Le violenze proseguirono infatti anche nei primi due decenni del Novecento, mentre il termine “linciaggio” entrava nel lessico nazionale, per descrivere la brutale uccisione di neri da parte di folle inferocite, per motivi futili o inventati. In tutto il Paese si diffondeva una nuova narrazione, quella della cosiddetta Lost Cause, tesa alla completa riabilitazione dei confederati. Una visione ribaltata della guerra civile, in cui i sudisti diventavano benevoli filosofi paternalisti. Uomini costretti a tenere i neri in schiavitù solo per il loro bene e a difendere con le armi le proprie prerogative dalle prepotenze di un Nord industriale e senz’anima. Sempre secondo questa prospettiva, l’uccisione del presidente Lincoln – erroneamente visto come un conciliatore – innescò un processo in cui i nordisti iniziarono un’epoca di brutale dominio del Sud con l’ausilio di alcuni esponenti politici neri, visti come maleducati, ignoranti e predatori sessuali delle indifese donne bianche del Sud, vittime di stupri e violenze. Solo l’opera salvifica del Ku Klux Klan fece cessare le violenze in modo incruento, solo perché i neri erano spaventati dai loro cappucci. Questa visione si impose anche in un film di grande successo degli anni ’30, Via Col Vento. I sudisti avevano perso la guerra, ma avevano vinto il dopoguerra.
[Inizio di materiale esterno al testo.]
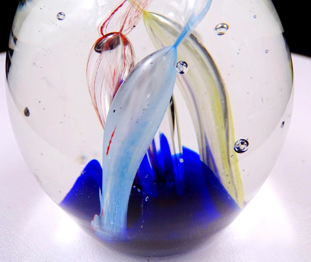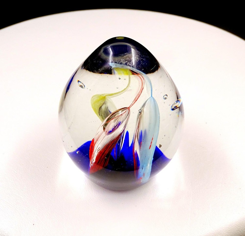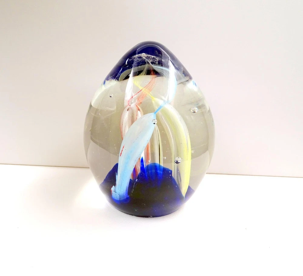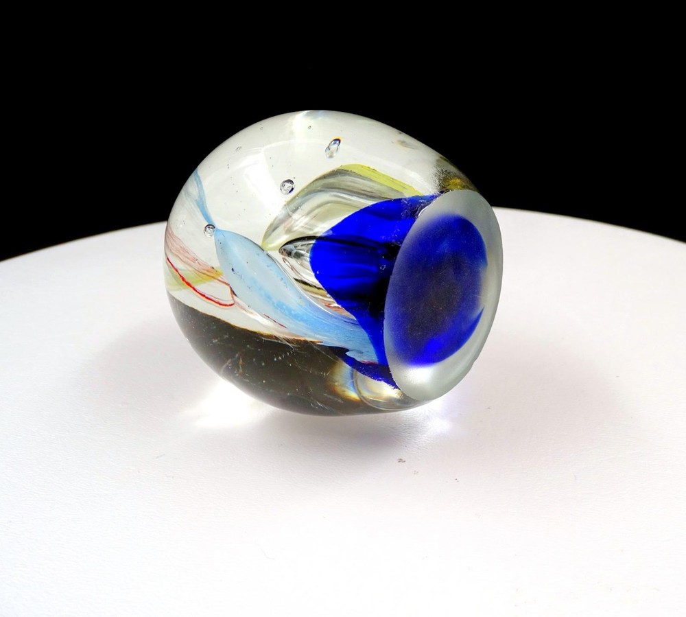 This stunning studio art glass paperweight is a true eye-catcher! The vibrant multi-colored tubes twist beautifully against the rich cobalt blue base, creating a mesmerizing effect. The egg shape feels elegant in hand, and despite minor fleabites (clearly shown in photos), it remains in excellent condition with no chips or cracks. Perfect for adding a pop of color to any desk or display shelf, it's both functional and artistic. The craftsmanship shines through, making it a unique conversation piece. Very happy with this gorgeous find!
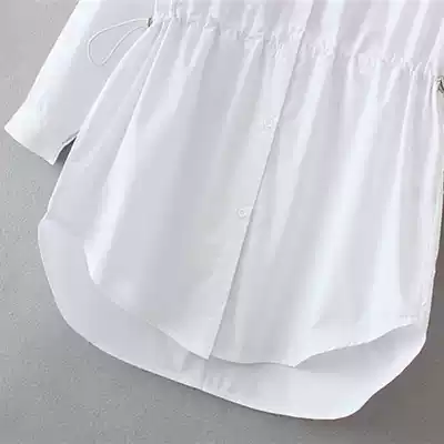 Large size women's clothing 2021 spring loose solid color waist thin cover belly fat mm medium and long version of shirt dress female
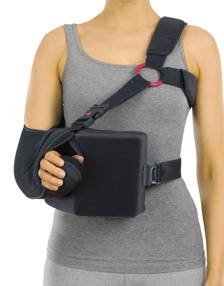 Шина для плечевого сустава medi SLK 90 – идеальное решение при лечении повреждений вращательной манжеты, когда требуется иммобилизация верхней конечности с разгрузкой задних отделов суставной капсулы плечевого сустава.
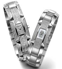 : en acier, serti de 12 diamants (0,35 carat) sur les attaches
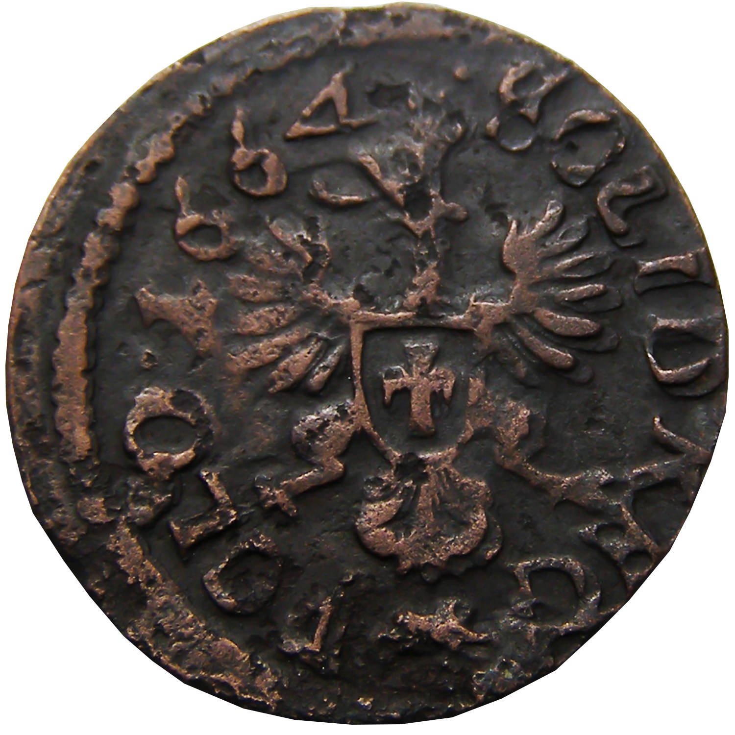 Wazowie, Jan II Kazimierz (1648-1668), szeląg (boratynka) koronna 1664, mennica Ujazdów
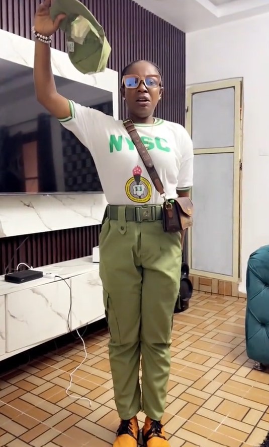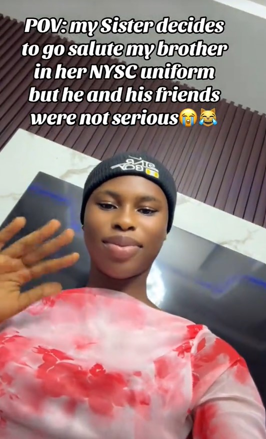 Her sister who was newly enlisted in the NYSC decided to honour their eldest sibling in a special way wearing her uniform and saluting him.
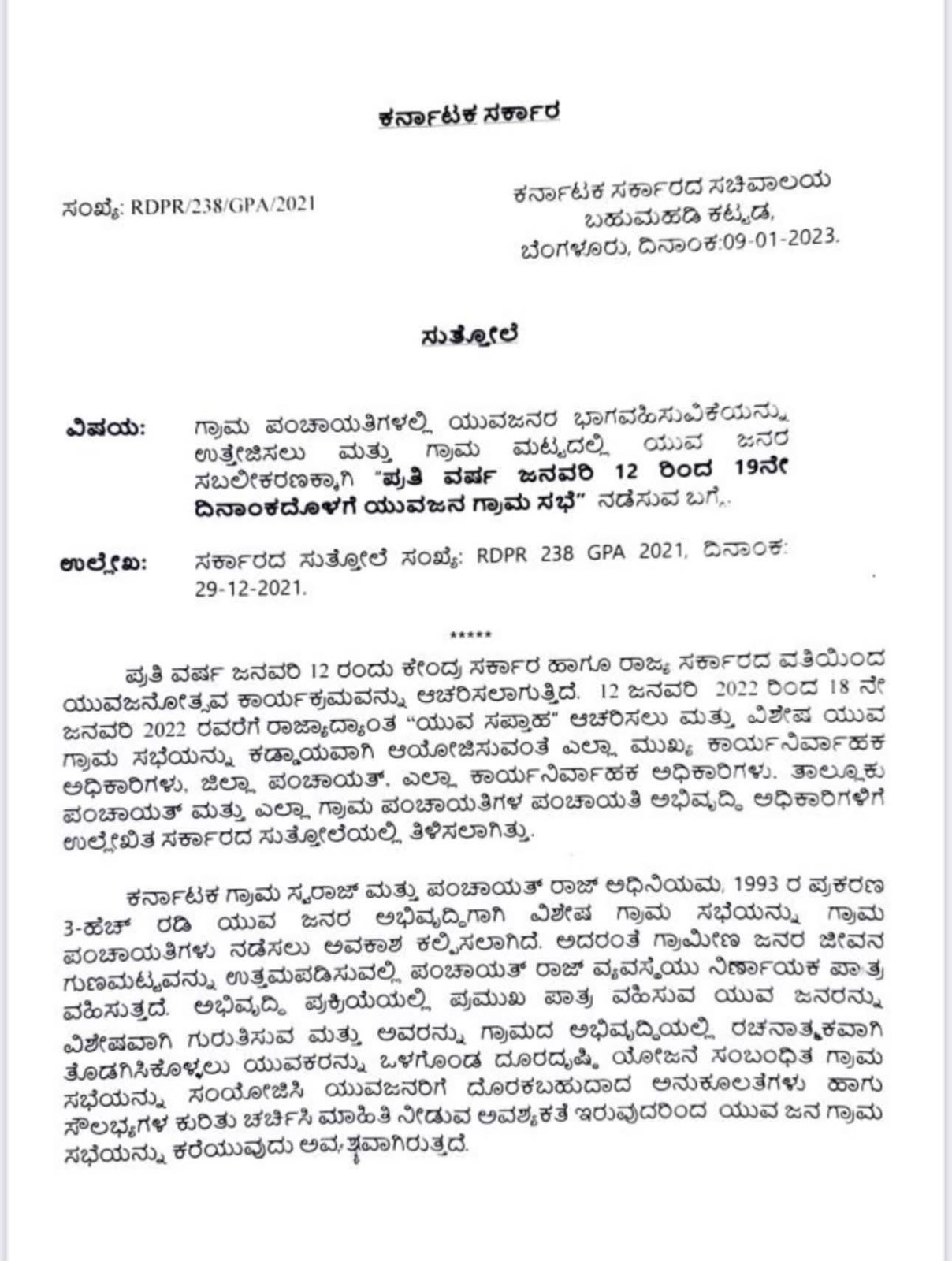 ಪ್ರತಿ ವರ್ಷ ಜನವರಿ 12 ರಂದು ಕೇಂದ್ರ ಸರ್ಕಾರ ಹಾಗೂ ರಾಜ್ಯ ಸರ್ಕಾರದ ವತಿಯಿಂದ ಯುವಜನೋತ್ಸವ ಕಾರ್ಯಕ್ರಮವನ್ನು ಆಚರಿಸಲಾಗುತ್ತಿದೆ. 12 ಜನವರಿ 2022 ರಿಂದ 18 ನೇ ಜನವರಿ 2022 ರವರೆಗೆ ರಾಜ್ಯಾದ್ಯಾಂತ “ಯುವ ಸಪ್ತಾಹ” ಆಚರಿಸಲು ಮತ್ತು ವಿಶೇಷ ಯುವ ಗ್ರಾಮ ಸಭೆಯನ್ನು ಕಡ್ಡಾಯವಾಗಿ ಆಯೋಜಿಸುವಂತೆ ಎಲ್ಲಾ ಮುಖ್ಯ ಕಾರ್ಯನಿರ್ವಾಹಕ ಅಧಿಕಾರಿಗಳು, ಜಿಲ್ಲಾ ಪಂಚಾಯತ್, ಎಲ್ಲಾ ಕಾರ್ಯನಿರ್ವಾಹಕ ಅಧಿಕಾರಿಗಳು. ತಾಲ್ಲೂಕು ಪಂಚಾಯತ್ ಮತ್ತು ಎಲ್ಲಾ ಗ್ರಾಮ ಪಂಚಾಯತಿಗಳ ಪಂಚಾಯತಿ ಅಭಿವೃದ್ಧಿ ಅಧಿಕಾರಿಗಳಿಗೆ ಉಲ್ಲೇಖಿತ ಸರ್ಕಾರದ ಸುತ್ತೋಲೆಯಲ್ಲಿ ತಿಳಿಸಲಾಗಿತ್ತು.
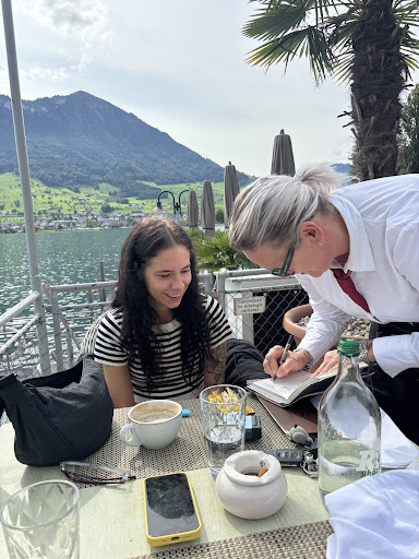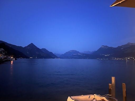 So, we arrived without a reservation and we were lucky they had space for two. It was a summer night, extremely hot and they were fully booked. The waiters were very friendly and so kind although it was extremely hot (remind you that they were wearing long sleeves and trousers). We didn’t want to order pizza because is seemed to obvious so we went for the cordon blue. A bitt pricey for where we come from but oh well who cares. To be honest, it was good but not the best. But the pizza’s I saw on other people’s tables looked amazing. I also like to inform you that the view across the lake is absolutely mindblowing. Will I order the cordon blue again? No. Will I visit this restaurant again and go for the pizza?: 1000x yes! Friendly staff, great hospitality and the view is absolutely worth visiting this restaurant. Hard working staff with a smile, respect ✊ 🧡
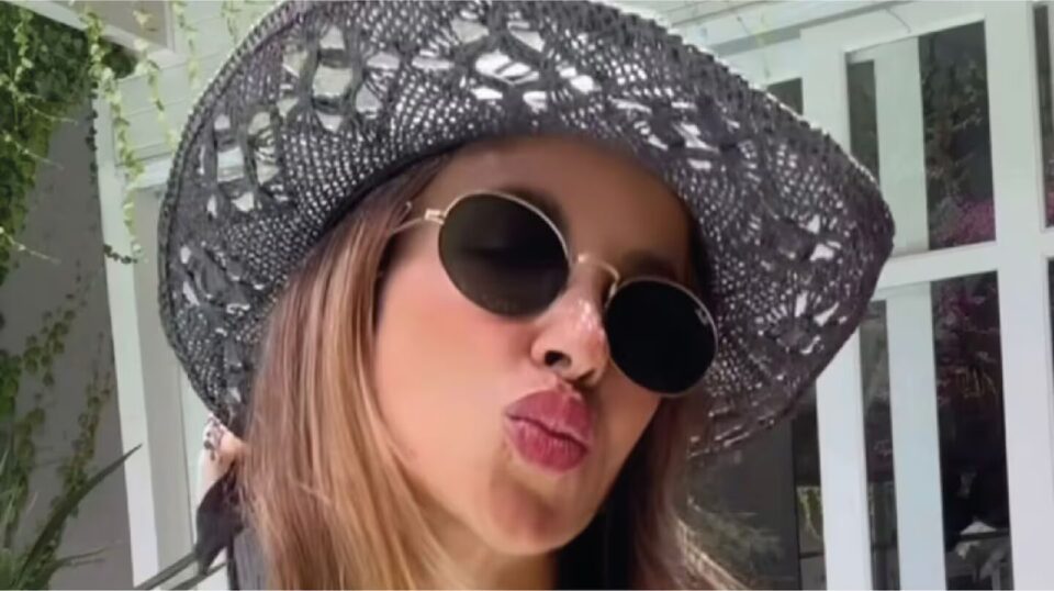 Elevó el estilismo de pileta con un sombrero cowboy en color negro con un pañuelo anudado y lentes de sol ovalados con vidrio negro y marco métalico dorado.

Fu soltanto quando i neri iniziarono a emigrare verso il Nord, in quegli stessi anni, che si seppe davvero come stessero le cose nel Sud, anche grazie a canzoni come Strange Fruit di Billie Holiday. La nazione riprese così coscienza del fenomeno della segregazione razziale, e mentre la “peculiare istituzione” si avviava verso un lento declino. Un musicista come Kanye West tutto questo dovrebbe saperlo. Soprattutto perché la musica svolse un ruolo fondamentale nella presa di coscienza collettiva di una questione che, in forme più subdole e velate, continua ancora oggi.